THE TASK
Using the entries below, copy exactly each line from the line with "Serve your crispy" up to and including the line with "O Rack para", with every picture left out.

SOURCE INFORMATION
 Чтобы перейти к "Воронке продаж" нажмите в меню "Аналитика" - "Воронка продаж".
---
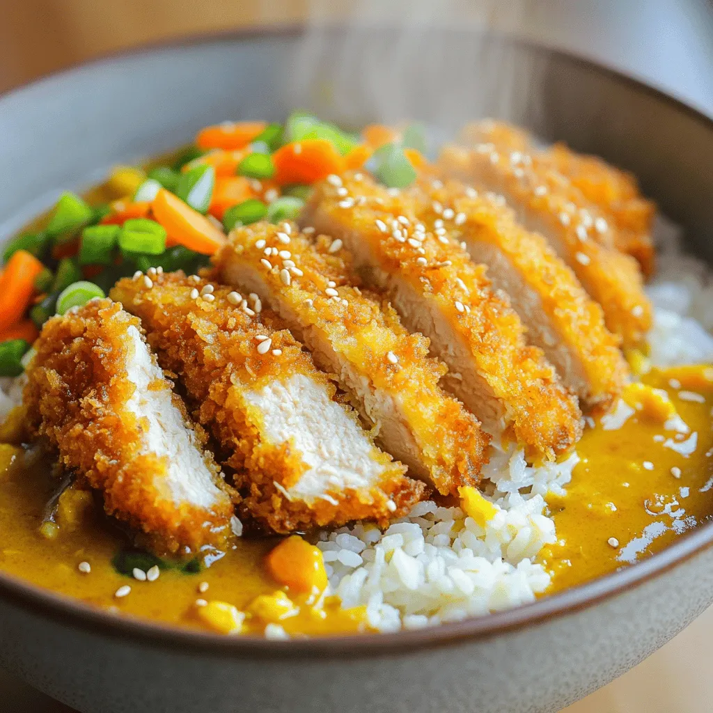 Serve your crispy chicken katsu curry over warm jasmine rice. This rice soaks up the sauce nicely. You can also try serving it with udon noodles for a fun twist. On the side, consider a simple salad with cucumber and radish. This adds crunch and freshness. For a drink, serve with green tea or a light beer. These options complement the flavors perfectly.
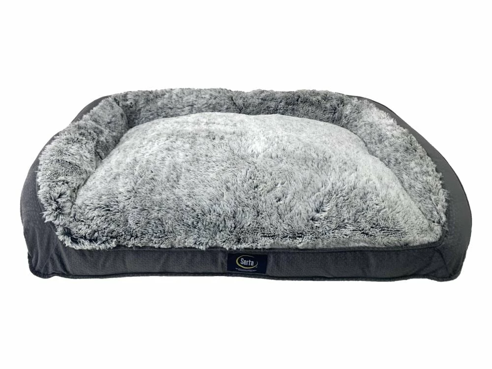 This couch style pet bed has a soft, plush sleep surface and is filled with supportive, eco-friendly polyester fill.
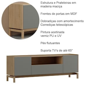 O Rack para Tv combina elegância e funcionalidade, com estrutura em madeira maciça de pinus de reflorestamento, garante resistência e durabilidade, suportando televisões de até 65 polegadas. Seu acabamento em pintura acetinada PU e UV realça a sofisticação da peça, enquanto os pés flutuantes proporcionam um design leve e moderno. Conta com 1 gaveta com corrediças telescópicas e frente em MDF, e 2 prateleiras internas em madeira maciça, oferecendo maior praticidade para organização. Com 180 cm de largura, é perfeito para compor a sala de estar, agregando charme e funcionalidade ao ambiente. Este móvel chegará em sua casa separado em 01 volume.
---
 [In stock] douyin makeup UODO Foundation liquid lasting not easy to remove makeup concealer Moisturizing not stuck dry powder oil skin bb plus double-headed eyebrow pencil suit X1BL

REPLY TO THE EXERCISE
 Serve your crispy chicken katsu curry over warm jasmine rice. This rice soaks up the sauce nicely. You can also try serving it with udon noodles for a fun twist. On the side, consider a simple salad with cucumber and radish. This adds crunch and freshness. For a drink, serve with green tea or a light beer. These options complement the flavors perfectly.
 This couch style pet bed has a soft, plush sleep surface and is filled with supportive, eco-friendly polyester fill.
 O Rack para Tv combina elegância e funcionalidade, com estrutura em madeira maciça de pinus de reflorestamento, garante resistência e durabilidade, suportando televisões de até 65 polegadas. Seu acabamento em pintura acetinada PU e UV realça a sofisticação da peça, enquanto os pés flutuantes proporcionam um design leve e moderno. Conta com 1 gaveta com corrediças telescópicas e frente em MDF, e 2 prateleiras internas em madeira maciça, oferecendo maior praticidade para organização. Com 180 cm de largura, é perfeito para compor a sala de estar, agregando charme e funcionalidade ao ambiente. Este móvel chegará em sua casa separado em 01 volume.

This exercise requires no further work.